3. Ezra-Nehemiah shows us our labor alongside God is not in vain. The Jews in Jesus’ day weren’t perfect; yet, with all the foreigners surrounding Jerusalem, it is a wonder that the Jews remained a distinct people until the coming of Jesus. Considering all the turmoil and oppression they experienced, it is also a wonder that there were any messianic hopes left in God’s people when Jesus did come. The work of the people to rebuild a temple and wall that would later be destroyed and their recommitment to a law that would later be completed seems vain, but it wasn’t at all. Their work alongside God helped the Jews remain distinct and hopeful until the day God had set aside to send his Christ.
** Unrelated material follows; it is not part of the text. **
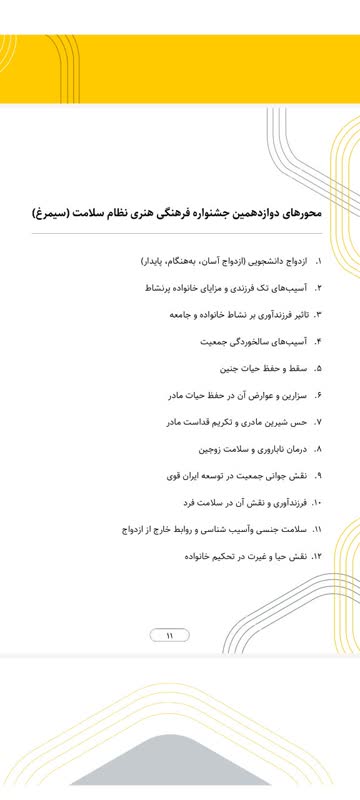 باستحضار میرساند دوازدهمین جشنوارهی فرهنگی و هنری سیمرغ با موضوع جوانی جمعیت برای دانشجویان، اساتید، کارکنان، شبکههای بهداشت و بهورزها در رشتههای نمایش نامه نویسی، تحقیق و پژوهش، سرود، فیلم، ادبی، هنرهای تجسمی، برنامه های رادیویی و مسابقه کتاب خوانی برگزار می گردد.

We simply don’t know what God will do with the labor we do for his glory in generations to come. So, keep reading your Bible and doing what it says and hoping in God’s promises. Raise your kids to know the Lord. Fight sin in yourself. Seek to eliminate injustice and lawlessness around you. Tell people about Jesus. Serve. Visit the orphan and widow in their distress. Encourage souls who are faint and brokenhearted. Build buildings that will serve God’s people. And when it all seems to be undone, pray to God for strength, and keep reading, hoping, and laboring alongside the Lord. Ezra 8:22, “The hand of our God is for good on all who seek him, and the power of his wrath is against all who forsake him.”